Oops! Paste, submitted by Killdeer. In one of my recent investigative reports, "Children: Young Growing Adults or Professional Killers in Training?", I revealed a dangerous trend that could tear apart the very fabric of our society: cursing. A highly educational and informative survey I created by using my computer and some paper revealed that over 95% of children under the age of 28 have admitted to cursing at least once in the past decade. Furthermore, 86% of these kids described themselves as "social cursers," and 13% admitted they were addicted to cursing! I suggested that, in order to prevent thousands of innocent people from dying of curse-related injuries, we load every single child in the world into a very large cannon and then point the cannon at an active volcano and then drop large nuclear warheads on both the cannon and the volcano.

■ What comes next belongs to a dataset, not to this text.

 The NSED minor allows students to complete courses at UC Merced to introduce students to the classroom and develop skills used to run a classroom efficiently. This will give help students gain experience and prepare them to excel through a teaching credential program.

It appears as if an independent contracting company entitled, "Oops! Paste," has devised a much cheaper and effective solution to this critical cursing epidemic, which appears to be some kind of goo that you throw into somebody's mouth when they mutter a dirty word! It may be crude but it sure as heck seems effective!

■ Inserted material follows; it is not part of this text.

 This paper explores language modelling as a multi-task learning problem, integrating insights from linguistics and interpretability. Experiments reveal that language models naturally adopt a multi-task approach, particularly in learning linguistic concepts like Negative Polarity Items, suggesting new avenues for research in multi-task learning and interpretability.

There are approximately five hundred thousand words in the English language. With such an arsenal, parents can go on the offensive in the battle and show their children how to use powerful, effective, and moving words without resorting to speech that simply shocks. And when emotions run high, silence is more powerful then profanity!
No one needs to swear, it only cheapens him or her and makes him or her look weak. Men and woman of power have no need for foul language, it only makes them look small in the eyes of other people.”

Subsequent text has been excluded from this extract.